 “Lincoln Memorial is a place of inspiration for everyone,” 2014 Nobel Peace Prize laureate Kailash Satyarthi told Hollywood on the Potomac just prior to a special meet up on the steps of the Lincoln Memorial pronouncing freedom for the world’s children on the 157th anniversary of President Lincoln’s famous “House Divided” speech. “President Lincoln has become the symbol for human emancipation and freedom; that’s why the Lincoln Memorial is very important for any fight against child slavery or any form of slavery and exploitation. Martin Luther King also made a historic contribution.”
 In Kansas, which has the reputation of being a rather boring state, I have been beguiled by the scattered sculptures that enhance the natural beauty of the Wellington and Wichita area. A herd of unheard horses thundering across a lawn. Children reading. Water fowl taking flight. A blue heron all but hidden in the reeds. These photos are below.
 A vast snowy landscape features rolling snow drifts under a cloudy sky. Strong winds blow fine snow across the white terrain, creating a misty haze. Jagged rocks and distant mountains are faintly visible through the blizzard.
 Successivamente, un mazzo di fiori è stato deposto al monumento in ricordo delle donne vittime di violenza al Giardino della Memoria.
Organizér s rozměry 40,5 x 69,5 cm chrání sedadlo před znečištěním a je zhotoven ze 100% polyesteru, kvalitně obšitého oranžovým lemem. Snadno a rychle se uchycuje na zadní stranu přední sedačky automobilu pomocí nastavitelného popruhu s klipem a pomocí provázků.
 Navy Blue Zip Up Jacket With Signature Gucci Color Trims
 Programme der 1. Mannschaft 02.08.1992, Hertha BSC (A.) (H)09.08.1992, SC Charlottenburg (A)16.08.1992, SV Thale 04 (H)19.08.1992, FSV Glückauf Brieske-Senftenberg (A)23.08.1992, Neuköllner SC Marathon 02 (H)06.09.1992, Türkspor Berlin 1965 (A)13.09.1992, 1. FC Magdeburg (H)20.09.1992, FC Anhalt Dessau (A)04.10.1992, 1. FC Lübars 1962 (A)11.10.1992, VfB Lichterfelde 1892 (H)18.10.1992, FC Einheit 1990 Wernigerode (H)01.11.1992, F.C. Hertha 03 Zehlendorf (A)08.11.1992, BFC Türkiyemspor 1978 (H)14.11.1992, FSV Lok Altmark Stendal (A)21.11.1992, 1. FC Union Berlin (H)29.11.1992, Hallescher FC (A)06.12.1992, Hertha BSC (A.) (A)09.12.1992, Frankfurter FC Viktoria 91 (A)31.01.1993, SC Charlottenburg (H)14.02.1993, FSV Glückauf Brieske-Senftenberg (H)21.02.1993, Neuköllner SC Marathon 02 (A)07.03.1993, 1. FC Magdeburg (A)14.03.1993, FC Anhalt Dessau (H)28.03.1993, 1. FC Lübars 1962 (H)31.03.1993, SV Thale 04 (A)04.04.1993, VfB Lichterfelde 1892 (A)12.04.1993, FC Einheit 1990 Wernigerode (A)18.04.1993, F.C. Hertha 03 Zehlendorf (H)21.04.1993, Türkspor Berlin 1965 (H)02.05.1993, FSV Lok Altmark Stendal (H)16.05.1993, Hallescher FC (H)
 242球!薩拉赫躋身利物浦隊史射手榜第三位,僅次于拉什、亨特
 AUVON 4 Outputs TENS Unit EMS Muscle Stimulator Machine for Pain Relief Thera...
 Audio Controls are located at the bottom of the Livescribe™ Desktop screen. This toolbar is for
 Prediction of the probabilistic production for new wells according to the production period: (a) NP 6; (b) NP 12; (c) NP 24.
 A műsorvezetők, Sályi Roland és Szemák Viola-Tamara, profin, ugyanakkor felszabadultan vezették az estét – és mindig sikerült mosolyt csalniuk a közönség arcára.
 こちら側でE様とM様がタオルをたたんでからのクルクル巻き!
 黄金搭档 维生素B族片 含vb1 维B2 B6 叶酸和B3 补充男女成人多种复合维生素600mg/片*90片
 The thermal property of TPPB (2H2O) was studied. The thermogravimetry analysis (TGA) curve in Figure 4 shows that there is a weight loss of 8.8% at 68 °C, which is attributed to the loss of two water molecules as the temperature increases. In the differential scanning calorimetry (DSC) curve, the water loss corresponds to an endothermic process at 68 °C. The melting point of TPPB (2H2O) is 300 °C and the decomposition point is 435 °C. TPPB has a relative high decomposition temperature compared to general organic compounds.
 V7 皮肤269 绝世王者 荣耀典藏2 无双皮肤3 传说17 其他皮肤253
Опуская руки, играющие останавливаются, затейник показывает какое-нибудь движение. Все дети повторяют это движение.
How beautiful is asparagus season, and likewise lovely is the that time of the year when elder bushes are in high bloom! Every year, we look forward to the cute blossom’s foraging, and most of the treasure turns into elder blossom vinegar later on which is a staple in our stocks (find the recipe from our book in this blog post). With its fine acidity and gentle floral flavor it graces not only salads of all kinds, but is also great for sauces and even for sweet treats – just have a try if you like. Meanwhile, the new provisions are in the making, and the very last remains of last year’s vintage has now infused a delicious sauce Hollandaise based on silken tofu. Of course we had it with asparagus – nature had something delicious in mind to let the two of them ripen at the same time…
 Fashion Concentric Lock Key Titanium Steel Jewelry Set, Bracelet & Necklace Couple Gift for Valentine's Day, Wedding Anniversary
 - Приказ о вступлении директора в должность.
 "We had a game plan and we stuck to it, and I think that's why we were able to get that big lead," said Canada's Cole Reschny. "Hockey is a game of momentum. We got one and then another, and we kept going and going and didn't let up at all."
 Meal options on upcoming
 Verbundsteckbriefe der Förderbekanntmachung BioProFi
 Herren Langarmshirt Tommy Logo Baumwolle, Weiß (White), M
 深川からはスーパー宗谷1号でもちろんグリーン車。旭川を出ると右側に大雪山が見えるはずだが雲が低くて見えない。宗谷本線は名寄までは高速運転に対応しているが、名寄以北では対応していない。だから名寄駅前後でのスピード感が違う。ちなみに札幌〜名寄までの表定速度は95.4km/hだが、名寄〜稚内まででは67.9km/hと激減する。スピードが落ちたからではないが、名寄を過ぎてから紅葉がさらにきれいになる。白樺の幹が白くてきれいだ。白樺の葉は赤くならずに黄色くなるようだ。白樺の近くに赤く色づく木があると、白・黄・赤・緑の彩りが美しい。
■ ■ ■ ■ ■ ■ ■
• **Goal of the exercise**
Retype the portion of the data above that starts on the line with "Prediction of the" and finishes on the line with "Verbundsteckbriefe der Förderbekanntmachung", including both of those lines.

• **Response to the exercise**
 Prediction of the probabilistic production for new wells according to the production period: (a) NP 6; (b) NP 12; (c) NP 24.
 A műsorvezetők, Sályi Roland és Szemák Viola-Tamara, profin, ugyanakkor felszabadultan vezették az estét – és mindig sikerült mosolyt csalniuk a közönség arcára.
 こちら側でE様とM様がタオルをたたんでからのクルクル巻き!
 黄金搭档 维生素B族片 含vb1 维B2 B6 叶酸和B3 补充男女成人多种复合维生素600mg/片*90片
 The thermal property of TPPB (2H2O) was studied. The thermogravimetry analysis (TGA) curve in Figure 4 shows that there is a weight loss of 8.8% at 68 °C, which is attributed to the loss of two water molecules as the temperature increases. In the differential scanning calorimetry (DSC) curve, the water loss corresponds to an endothermic process at 68 °C. The melting point of TPPB (2H2O) is 300 °C and the decomposition point is 435 °C. TPPB has a relative high decomposition temperature compared to general organic compounds.
 V7 皮肤269 绝世王者 荣耀典藏2 无双皮肤3 传说17 其他皮肤253
Опуская руки, играющие останавливаются, затейник показывает какое-нибудь движение. Все дети повторяют это движение.
How beautiful is asparagus season, and likewise lovely is the that time of the year when elder bushes are in high bloom! Every year, we look forward to the cute blossom’s foraging, and most of the treasure turns into elder blossom vinegar later on which is a staple in our stocks (find the recipe from our book in this blog post). With its fine acidity and gentle floral flavor it graces not only salads of all kinds, but is also great for sauces and even for sweet treats – just have a try if you like. Meanwhile, the new provisions are in the making, and the very last remains of last year’s vintage has now infused a delicious sauce Hollandaise based on silken tofu. Of course we had it with asparagus – nature had something delicious in mind to let the two of them ripen at the same time…
 Fashion Concentric Lock Key Titanium Steel Jewelry Set, Bracelet & Necklace Couple Gift for Valentine's Day, Wedding Anniversary
 - Приказ о вступлении директора в должность.
 "We had a game plan and we stuck to it, and I think that's why we were able to get that big lead," said Canada's Cole Reschny. "Hockey is a game of momentum. We got one and then another, and we kept going and going and didn't let up at all."
 Meal options on upcoming
 Verbundsteckbriefe der Förderbekanntmachung BioProFi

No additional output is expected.